Objective: We aimed to gain insight into the functional consequences of ghrelin overproduction in patients with neuroendocrine tumors and its relations with disease characteristics and evolution.
Design: We retrospectively analyzed three cases of neuroendocrine carcinomas associated with very high levels of circulating ghrelin.
Methods: Between February and October 2007, serum ghrelin levels were determined in all patients with well-differentiated endocrine carcinoma referred to our center (n=72). Three patients were found to have circulating ghrelin levels >10-fold the upper limit of normal. The clinical, biochemical, and pathological characteristics of these three patients were reviewed. The ratio between circulating acyl and total ghrelin was determined, and tumor tissue expression of ghrelin was assayed by immunohistochemistry.
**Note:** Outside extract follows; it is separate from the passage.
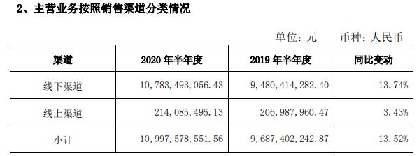 海天味業(yè)線上業(yè)務(wù)加快發(fā)展,從而使電商平臺和傳統(tǒng)渠道有效的結(jié)合,鞏固了公司在渠道和終端上的競爭優(yōu)勢。2020上半年,分銷售渠道來看,線下渠道營收破百億,約為107.83億元,同比增長13.74%;線上渠道營收2.14億元,同比增長3.43%。

Results: The three patients had massive hyperghrelinemia (respectively 49 028, 63 711, and 101 996 pg/ml), with <10% of acyl ghrelin. The corresponding primary tumors were located in the pancreas, rectum, and gallbladder; all were metastatic. There was no acromegaly; there was a decrease in appetite; and body mass index was low. Serum GH levels were only slightly increased and serum IGF1 levels were normal. Immunoreactive ghrelin was detected in the tumor tissue in the two cases in which tissue material was available. All three patients died before 12 months after the diagnosis of hyperghrelinemia.
Conclusion: Well-differentiated neuroendocrine carcinomas of various origins may produce markedly high levels of circulating ghrelin, without evidence of clinical or functional consequences.